Moroccan Adventure Part VIII: Desert tour day 1.

It was time to say goodbye to our rental car. Good riddance! While I enjoyed driving for the most parts in Morocco, it was especially stressful when approaching a major city. The chaos, the hustle and bustle, the honking, coupled with the fact that I needed to drive a manual car, all added up to the pressure and stress of trying not to hit anything.

Today, we departed Fez to begin our desert tour. We no longer had to drive. We were being driven. We booked a guided tour from a tour company called Authentic Sahara Tours and booked the 3-day Fez to Marrakech via Merzouga tour. We modified the tour to add an additional night, so that we would have more time to explore the desert areas of Morocco.

It was a private tour with our own private van. Abdul, our tour guide and driver was waiting for us outside the main gate of the entrance to Fez Medina. He was punctual which we appreciate a lot, especially with all our luggage and bags.
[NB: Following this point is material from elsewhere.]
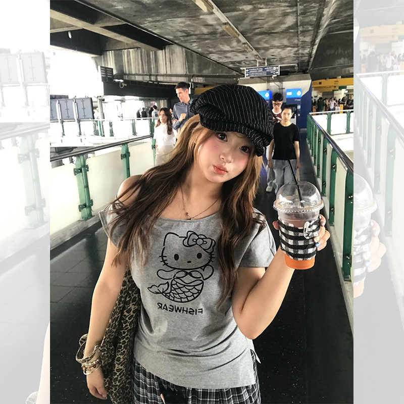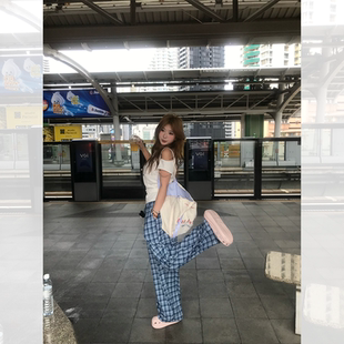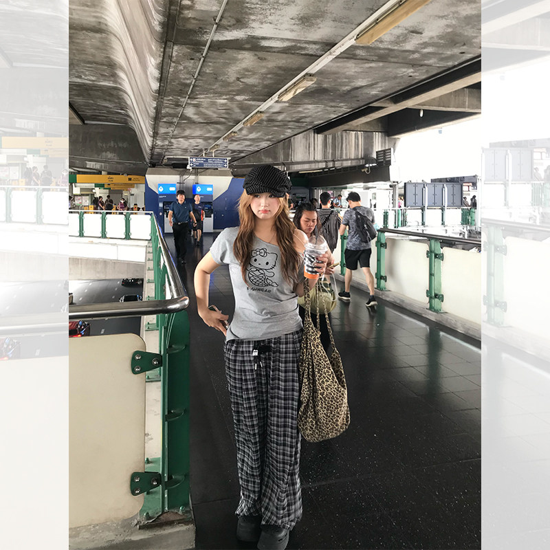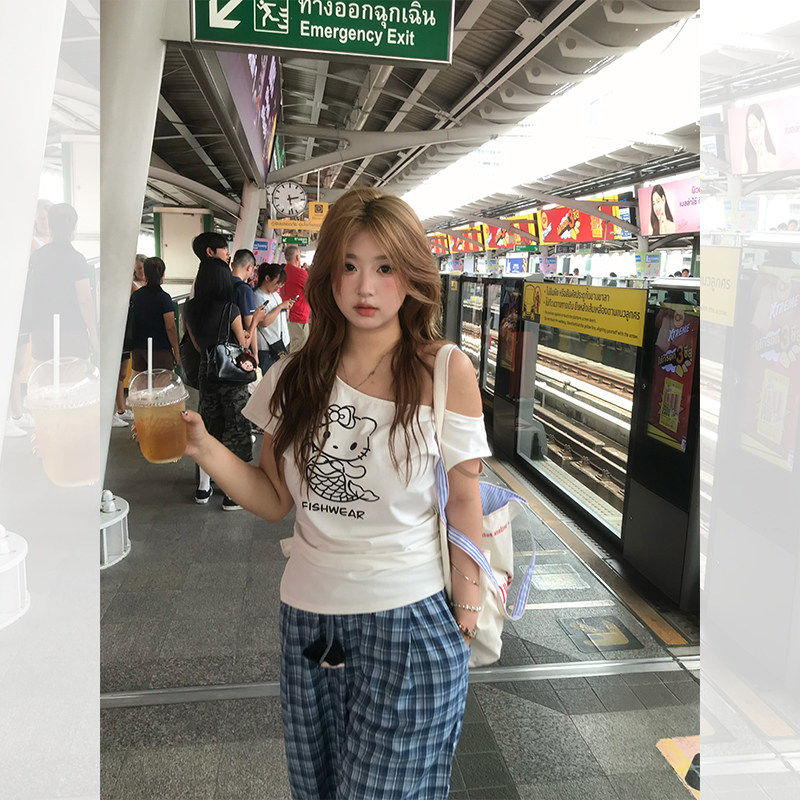 鱼 上衣格纹休闲裤 人鱼Kitty 微胖mm斜肩宽松短袖 韩女神裤 你
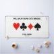 Les joueurs de pont dupliqués affamés de pont profiteront de ce tapis de bureau d'humour de pont wry avec les quatre costumes de carte ainsi que le dicton "Will Play Duplicate Bridge For Food". Faites faire aux autres une double prise avec une dose d'attitude de pont à votre prochain jeu de bridge avec ce tapis de bureau de relais mémorable!

Abdul was extremely friendly. Always smiling. Middle age man with a bald head. You can tell from his personality that he is a family person. He spoke a decent amount of English could easily be understood, which was a plus, because as the tour progressed, we were asking him about his life and his job and everything else under the sun. Abdul quickly became our friend and to him, his extended family. He no longer became a tour guide showing the country, but rather a friend showing his overseas friends his beautiful country and his way of life.

Our 4-day desert tour began early in the morning and as soon as we departed from Fez, we were driving past fields, and forests, over hills and rocky terrain. Soon, the famed Atlas Mountain was in full view. It was beautiful. It was spring going summer, and while we could see the mountains capped with snow, by the time we reached marrakech 4 days later, those were largely gone. The seasons were quickly changing.

The Atlas Mountains
We had lunch at a rest stop in full view of the Atlas Mountains. It was a clear sunny day and the mountain was very clear on the horizon.
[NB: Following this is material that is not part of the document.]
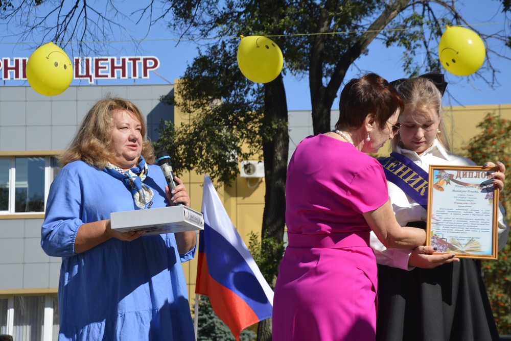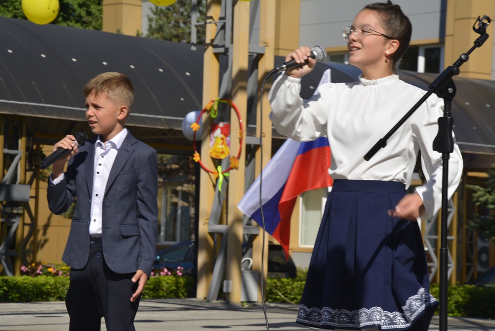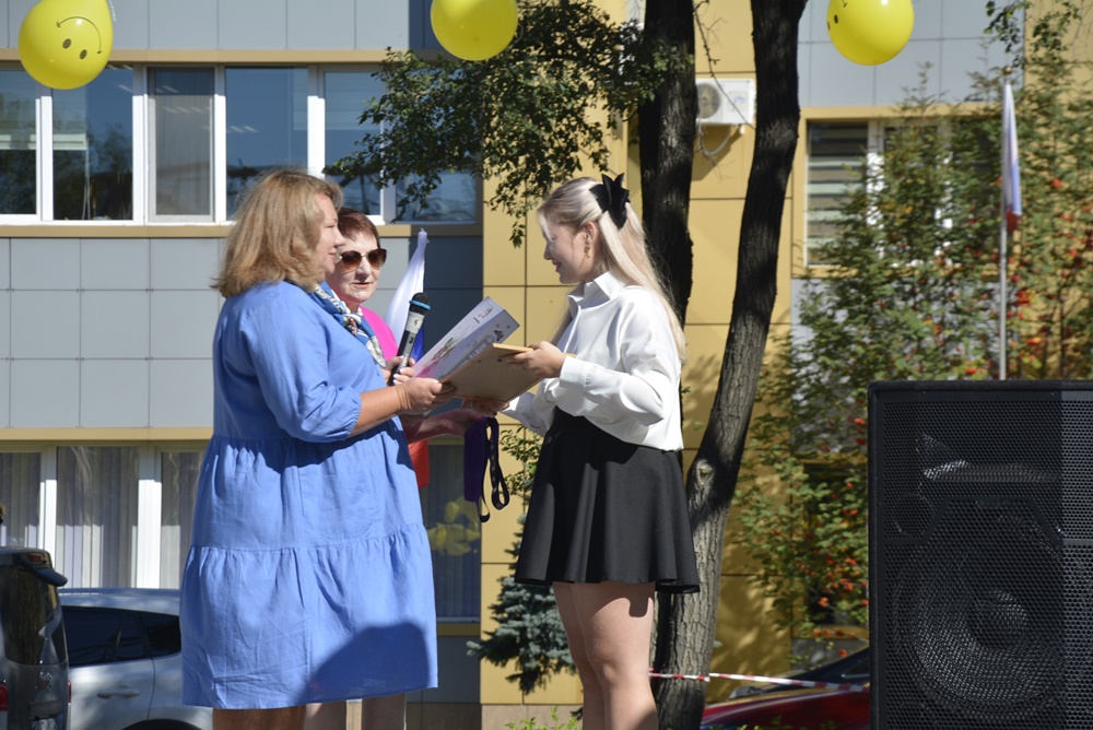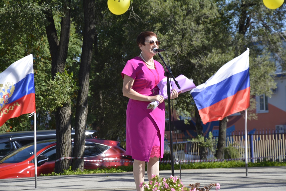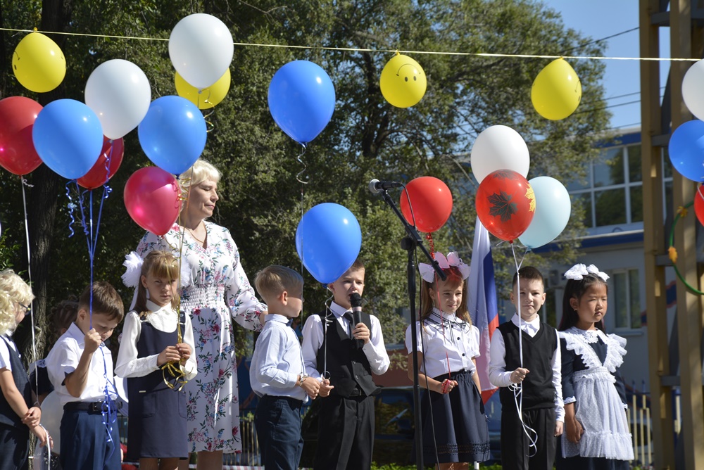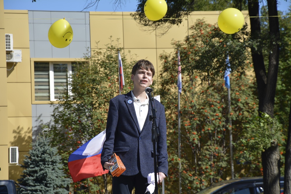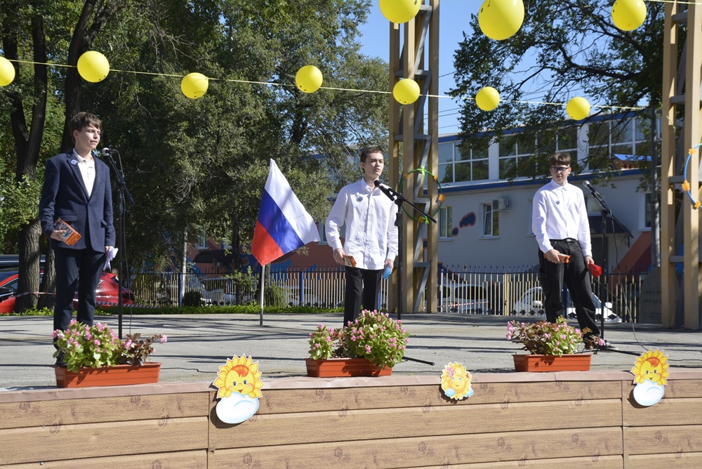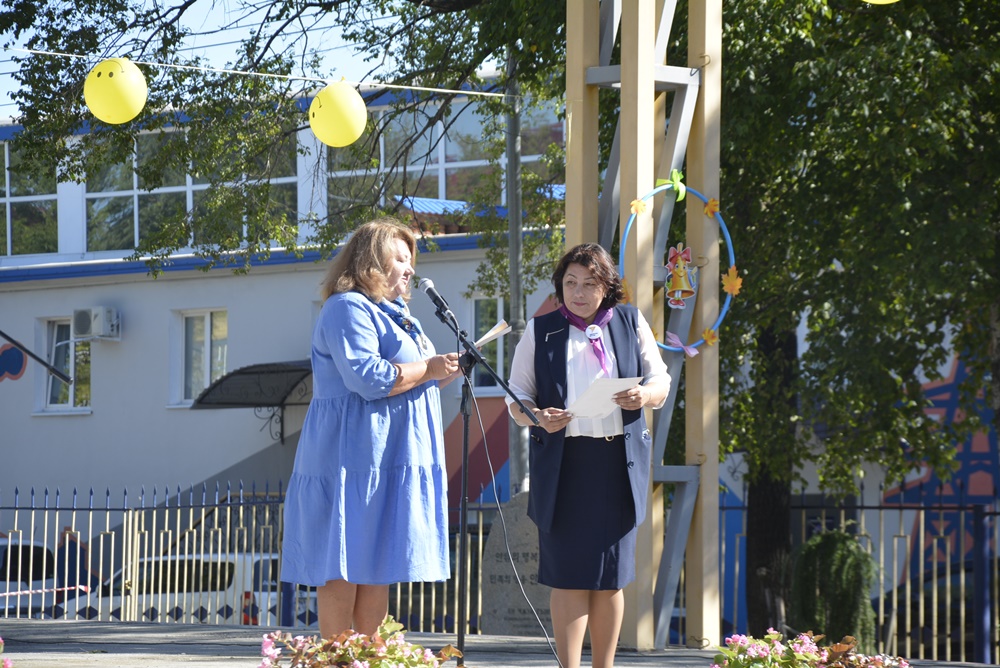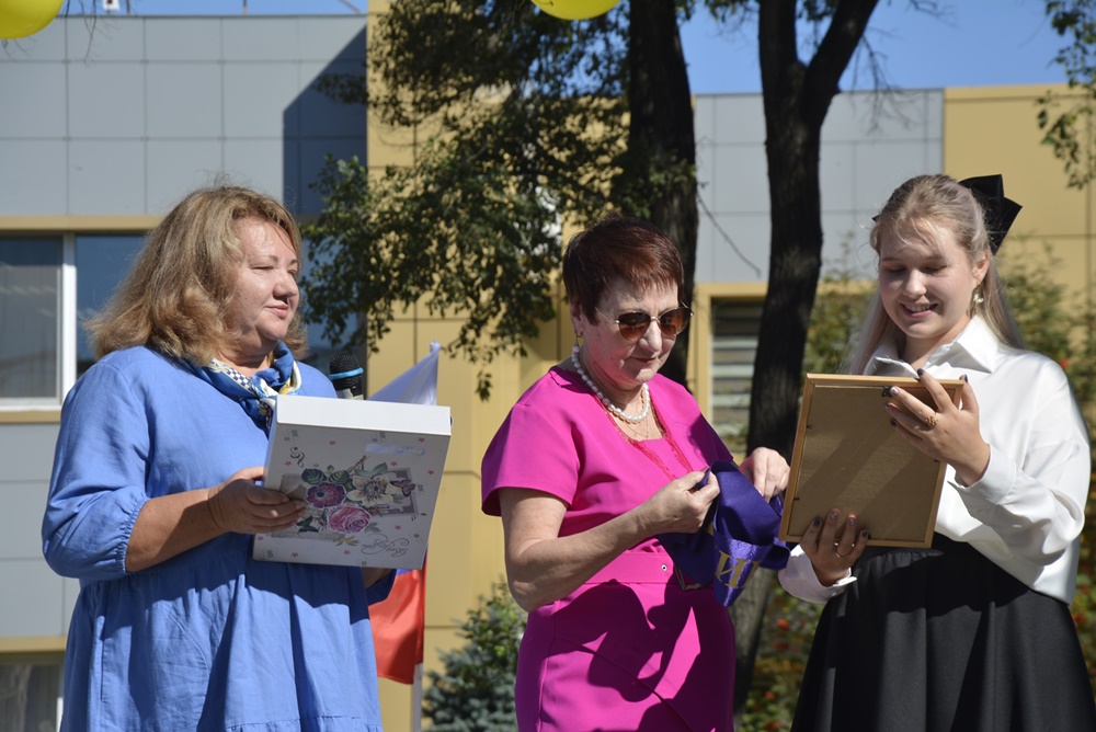 Здесь, на торжественной линейке, посвященной Дню Знаний, первоклассников и всех ребят нашей гимназии поздравила директор гимназии Ижко О. Д., пожелав в новом учебном году всем хорошо учиться и достигать как можно больше побед на всех этапах школьного пути.

I remember driving to a town called Ifrane. Touted as the little Switzerland, it is actually home to a ski resort. We were there during spring so there weren’t any snow. But it was strangely cold in Ifrane despite the spring-summer season. The town was beautiful and looked as if you could be in some town in Switzerland. However, we didn’t stay long and had to continue our way to the desert.

The town of Ifrane.

By late afternoon, we reached the dunes of Erg Chebbi. It was a long drive. The longest despite being only the first day. This is partly because our overnight desert stay was schedule on the first night of the tour and the drive from Fez to Merzouga was pretty far.

But nonetheless, despite the distance, I was awestruck by the changing landscape. It got drier as we drove deeper into the country. What started out as lush green fields and forests on the coastal areas of Morocco, made way to scraggly, dry, rocky terrain in the country’s interior. The color changes as well from forest green to beige, brown and red. The landscape became raw. But even then, we saw something spectacular. Oases. Oases of varying sizes. It was beautiful. Imagine looking over the horizon, seeing nothing but red, raw earth and suddenly you saw patches of green, filled with lush fields, plantations, and forests in the middle of nowhere. No, it was not an illusion. It was an actual oasis. I have never seen anything like it.
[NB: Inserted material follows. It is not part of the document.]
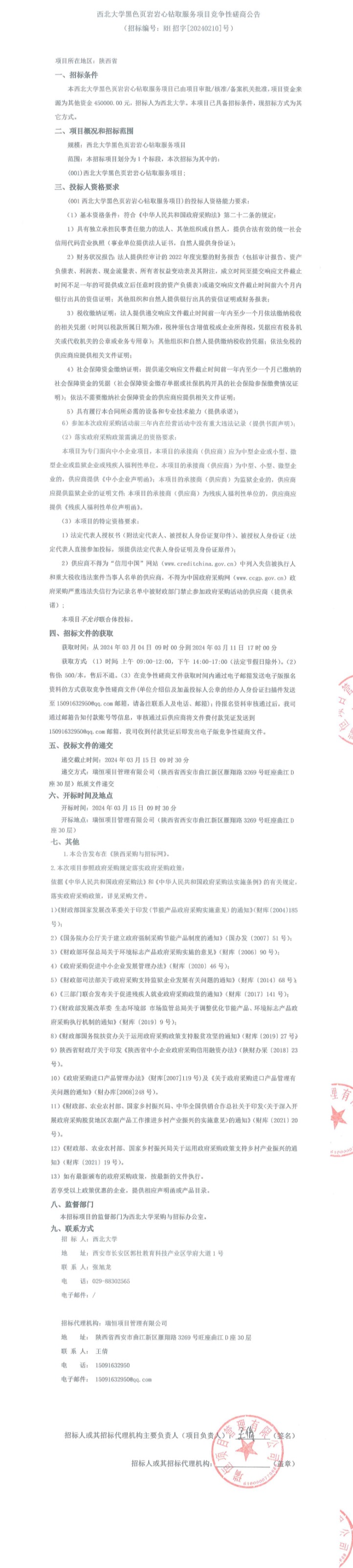 星空app官网黑色页岩岩心钻取服务项目竞争性磋商公告
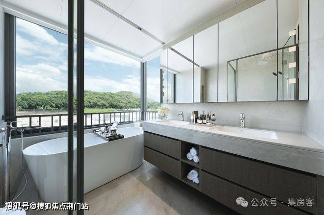 公建化的立面,四面铝板搭配大面积玻璃,阳台统一封包,底层的浅色天然石材还被打磨出弧线,脱去厚重外壳,轻盈洒脱。项目西侧直线约800米就是钱塘江,春来晴翠也在园区里编织了一幅山水画卷。

An oasis, filled with trees and green plantations supported by the town below.
The oasis as far as the eye could see. This one follows the river that runs through the oasis and provides crucial sustenance to the plants and trees that grow around it. Spectacular!

Erg Chebbi

Once we arrived on the sand dunes of Erg Chebbi, we were off-loaded including all our stuff on a 4×4 Jeep. We were taken deeper into the desert, where packs of camels roped in a line were waiting for us. I have never sat on a camel before. Everything was new to me. I now know that the camel had to sit before you can actually mount and sit on the camel. Once you are comfortably seated, the camel guide will make the camel stand, first on its hind legs, then on the front. As it attempts to stand up, you get lurched violently to the front, then to the back. I had to hold the handle secured in front of me to prevent myself from falling either to the front of back as the camel tries to stand up.

The hour-long camel ride was exhilarating! The sand dunes were spectacular and the camel ride was one of the most relaxing things I have ever done in Morocco.

Us on camels riding on the sand dunes!
Our camel guide stopped our ride for a short while to take photos of the dunes and the sunset.

During the hour-long ride into the desert on our camels, the Camel guide stopped for a short while to allow us to take photos of the desert, play on the sand dunes and just enjoy the sunset views. Watching the sunset in the desert was truly a magical experience, one that I will never forget.

Watching the sun set in the desert is something that you don’t see everyday.

At the end of the exhilarating camel ride, we reached our desert accommodation. It was a series of luxurious tents with its own bathroom attached to it and a bonfire in the middle of the encampment. We had a sumptuous dinner in the main tent, with about 10 other guests who were staying with us for the night.

Soon after that we sat around the bonfire enjoying the heat of the fire as the desert air grew colder all around us. The hosts of the encampment started playing traditional Berber music for us. We clapped and cheered with them as they played, soaking in the revelry as the night deepened.